• **Exercise brief**: Images should not appear in the copy, yet every line of the listing below must be printed exactly.

• **Dataset extract**:

----------------------------------------

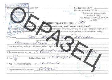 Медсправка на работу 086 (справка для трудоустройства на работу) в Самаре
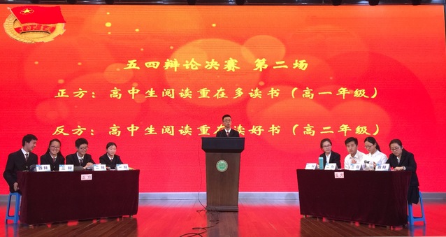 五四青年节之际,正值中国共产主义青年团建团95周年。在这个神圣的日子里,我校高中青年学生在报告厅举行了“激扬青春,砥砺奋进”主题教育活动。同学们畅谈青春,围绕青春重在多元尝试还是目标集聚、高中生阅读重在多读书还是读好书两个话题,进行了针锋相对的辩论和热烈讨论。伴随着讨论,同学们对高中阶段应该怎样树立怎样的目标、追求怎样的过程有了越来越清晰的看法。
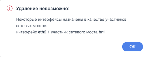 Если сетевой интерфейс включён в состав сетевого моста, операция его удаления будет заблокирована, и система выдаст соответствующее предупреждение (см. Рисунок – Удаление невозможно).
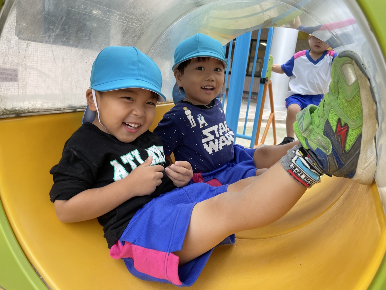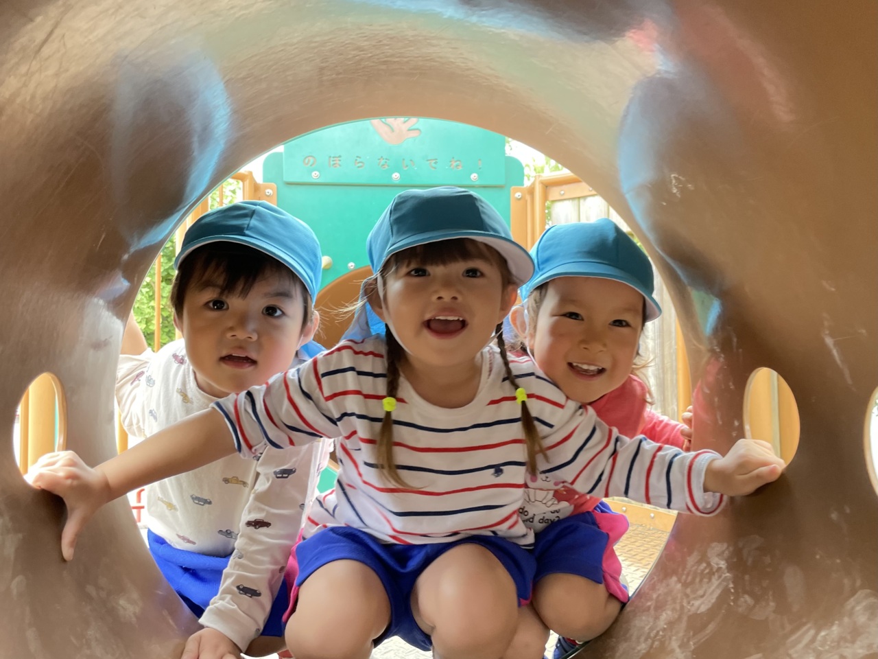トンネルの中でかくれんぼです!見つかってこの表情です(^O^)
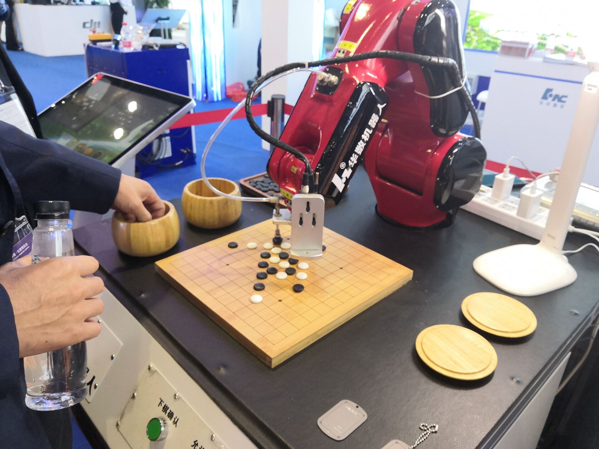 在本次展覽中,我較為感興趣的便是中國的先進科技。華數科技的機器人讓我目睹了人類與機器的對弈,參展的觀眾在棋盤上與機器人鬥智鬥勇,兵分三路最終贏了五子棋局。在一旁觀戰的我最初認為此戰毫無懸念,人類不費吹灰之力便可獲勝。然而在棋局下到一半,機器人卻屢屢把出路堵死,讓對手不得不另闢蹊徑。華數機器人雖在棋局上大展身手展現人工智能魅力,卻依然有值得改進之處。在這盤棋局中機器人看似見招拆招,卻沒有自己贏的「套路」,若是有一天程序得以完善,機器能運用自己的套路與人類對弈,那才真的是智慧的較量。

----------------------------------------

• **Written solution**:
 Медсправка на работу 086 (справка для трудоустройства на работу) в Самаре
 五四青年节之际,正值中国共产主义青年团建团95周年。在这个神圣的日子里,我校高中青年学生在报告厅举行了“激扬青春,砥砺奋进”主题教育活动。同学们畅谈青春,围绕青春重在多元尝试还是目标集聚、高中生阅读重在多读书还是读好书两个话题,进行了针锋相对的辩论和热烈讨论。伴随着讨论,同学们对高中阶段应该怎样树立怎样的目标、追求怎样的过程有了越来越清晰的看法。
 Если сетевой интерфейс включён в состав сетевого моста, операция его удаления будет заблокирована, и система выдаст соответствующее предупреждение (см. Рисунок – Удаление невозможно).
トンネルの中でかくれんぼです!見つかってこの表情です(^O^)
 在本次展覽中,我較為感興趣的便是中國的先進科技。華數科技的機器人讓我目睹了人類與機器的對弈,參展的觀眾在棋盤上與機器人鬥智鬥勇,兵分三路最終贏了五子棋局。在一旁觀戰的我最初認為此戰毫無懸念,人類不費吹灰之力便可獲勝。然而在棋局下到一半,機器人卻屢屢把出路堵死,讓對手不得不另闢蹊徑。華數機器人雖在棋局上大展身手展現人工智能魅力,卻依然有值得改進之處。在這盤棋局中機器人看似見招拆招,卻沒有自己贏的「套路」,若是有一天程序得以完善,機器能運用自己的套路與人類對弈,那才真的是智慧的較量。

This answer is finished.